- _BRIEF_: Copy the lines below exactly, starting at the one with "Vikingevedhæng i Sølv" and ending at the one with "昨夜一场大雪突袭淮安市区,当", and leave out any picture.

(Records excerpted from a collection)
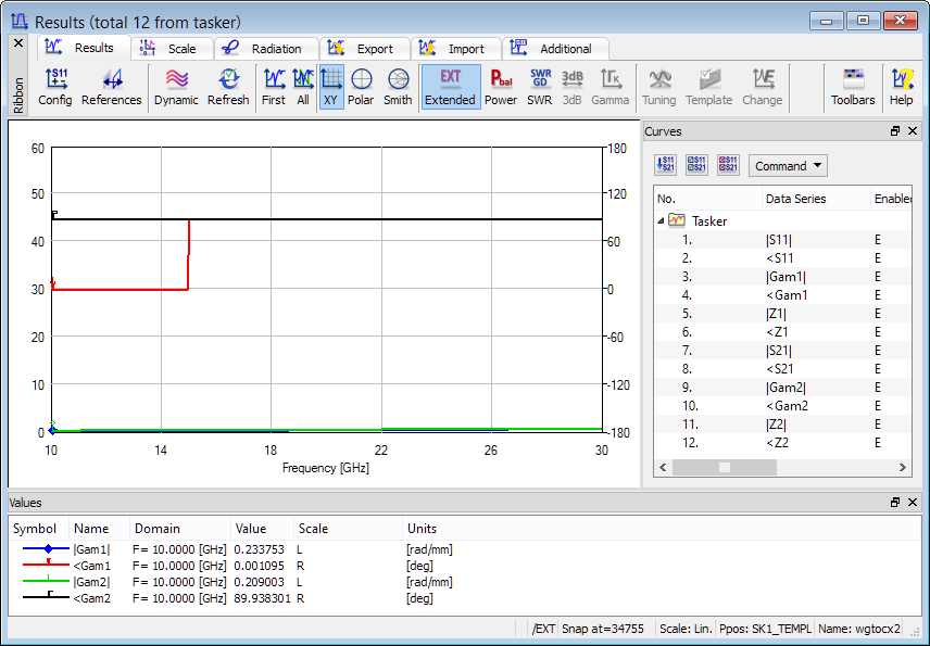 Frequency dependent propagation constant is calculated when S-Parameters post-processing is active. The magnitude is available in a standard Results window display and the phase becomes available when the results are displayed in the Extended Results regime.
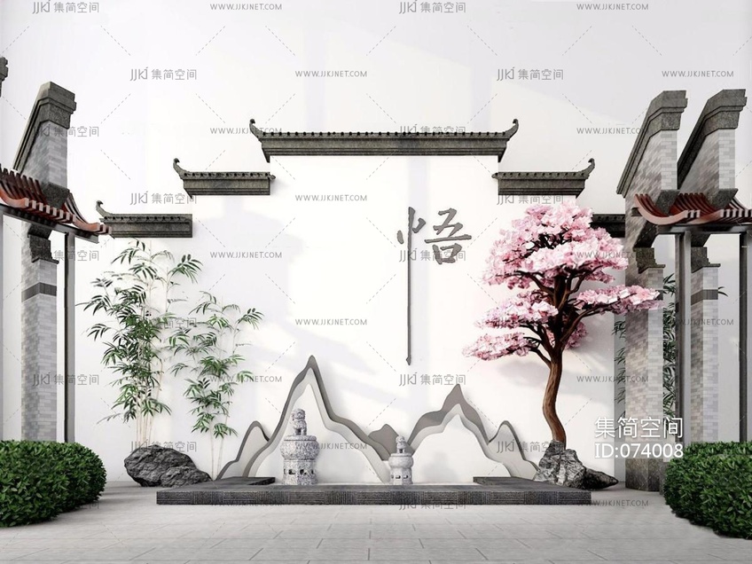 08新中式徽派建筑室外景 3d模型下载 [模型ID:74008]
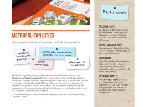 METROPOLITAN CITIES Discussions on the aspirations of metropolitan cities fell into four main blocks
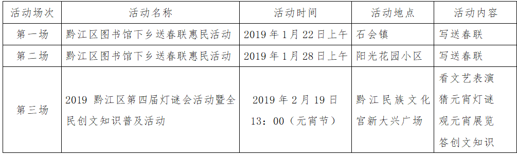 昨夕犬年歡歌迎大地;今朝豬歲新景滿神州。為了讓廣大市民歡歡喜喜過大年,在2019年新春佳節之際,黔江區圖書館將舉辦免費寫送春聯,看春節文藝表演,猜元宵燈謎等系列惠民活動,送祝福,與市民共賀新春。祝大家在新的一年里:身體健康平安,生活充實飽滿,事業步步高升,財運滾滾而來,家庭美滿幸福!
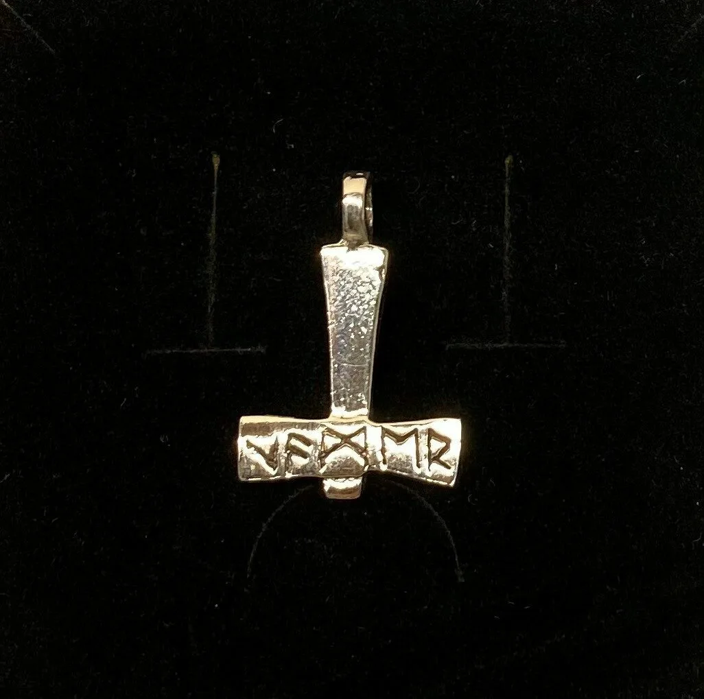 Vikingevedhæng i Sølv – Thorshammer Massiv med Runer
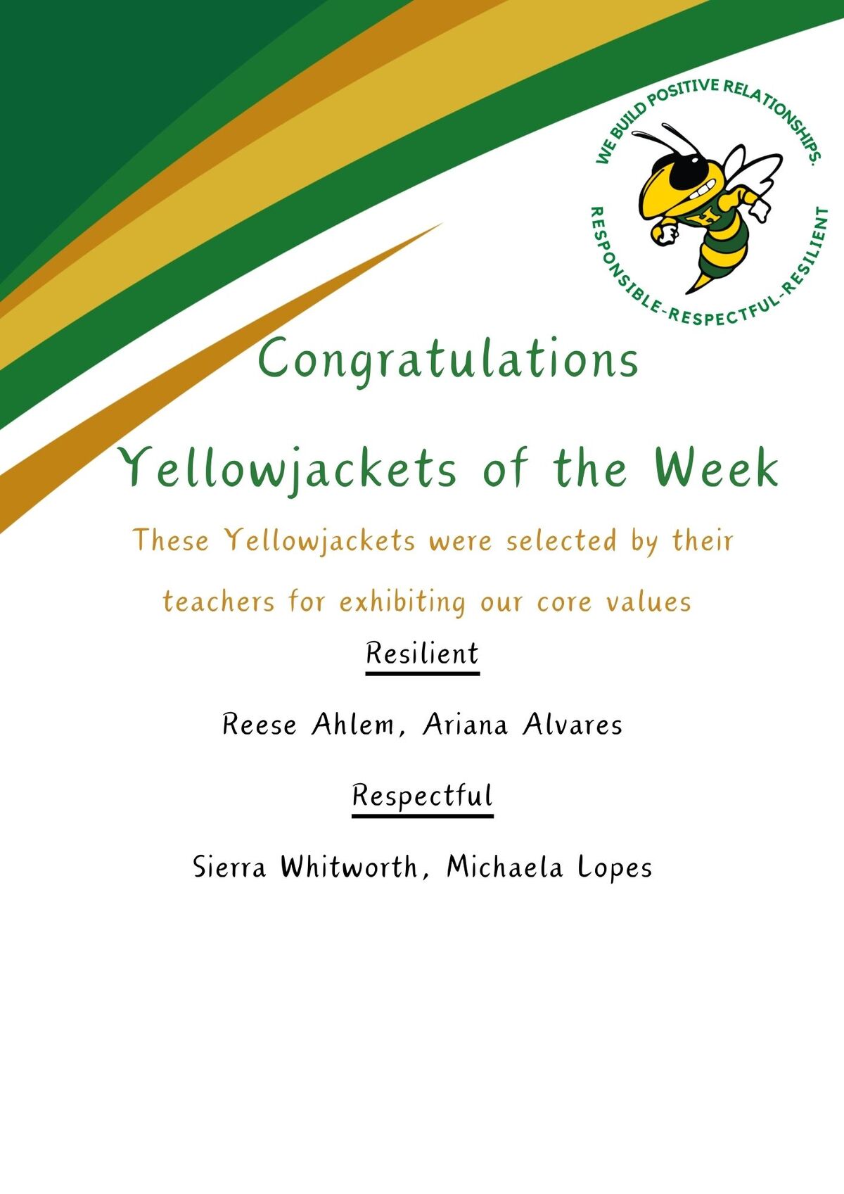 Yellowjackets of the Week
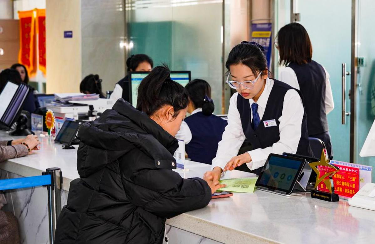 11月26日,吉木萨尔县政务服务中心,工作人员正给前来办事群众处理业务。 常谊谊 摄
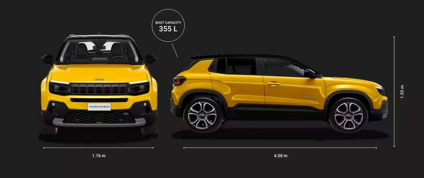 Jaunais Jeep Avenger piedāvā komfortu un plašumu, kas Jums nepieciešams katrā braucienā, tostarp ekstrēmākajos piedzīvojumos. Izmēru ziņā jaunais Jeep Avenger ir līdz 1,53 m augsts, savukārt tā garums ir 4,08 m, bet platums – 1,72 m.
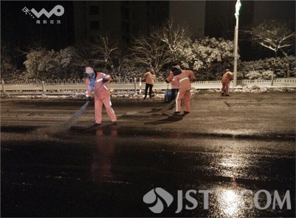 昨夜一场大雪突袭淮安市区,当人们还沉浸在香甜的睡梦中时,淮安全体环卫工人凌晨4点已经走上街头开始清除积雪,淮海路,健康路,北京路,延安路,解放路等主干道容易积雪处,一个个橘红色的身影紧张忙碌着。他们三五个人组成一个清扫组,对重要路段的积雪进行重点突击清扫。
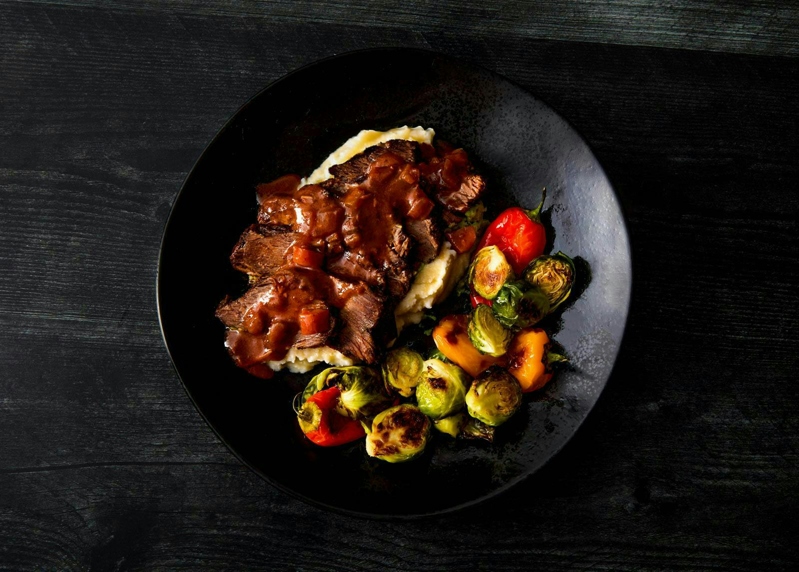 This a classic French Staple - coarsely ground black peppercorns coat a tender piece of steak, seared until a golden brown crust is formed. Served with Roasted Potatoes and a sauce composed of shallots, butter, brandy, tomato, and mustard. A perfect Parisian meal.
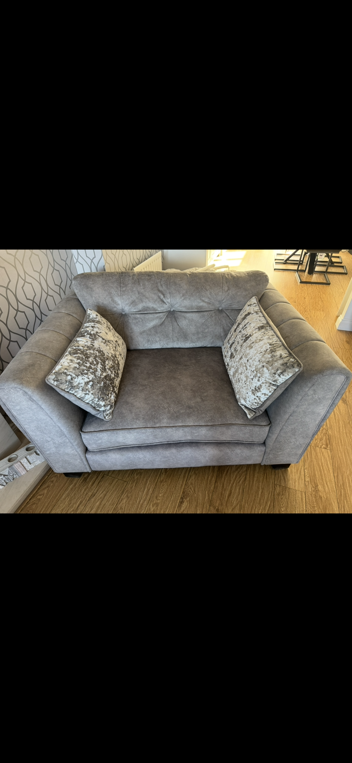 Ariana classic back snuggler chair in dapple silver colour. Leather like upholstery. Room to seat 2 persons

- _RESULT OF THE EXERCISE_:
 Vikingevedhæng i Sølv – Thorshammer Massiv med Runer
 Yellowjackets of the Week
 11月26日,吉木萨尔县政务服务中心,工作人员正给前来办事群众处理业务。 常谊谊 摄
 Jaunais Jeep Avenger piedāvā komfortu un plašumu, kas Jums nepieciešams katrā braucienā, tostarp ekstrēmākajos piedzīvojumos. Izmēru ziņā jaunais Jeep Avenger ir līdz 1,53 m augsts, savukārt tā garums ir 4,08 m, bet platums – 1,72 m.
 昨夜一场大雪突袭淮安市区,当人们还沉浸在香甜的睡梦中时,淮安全体环卫工人凌晨4点已经走上街头开始清除积雪,淮海路,健康路,北京路,延安路,解放路等主干道容易积雪处,一个个橘红色的身影紧张忙碌着。他们三五个人组成一个清扫组,对重要路段的积雪进行重点突击清扫。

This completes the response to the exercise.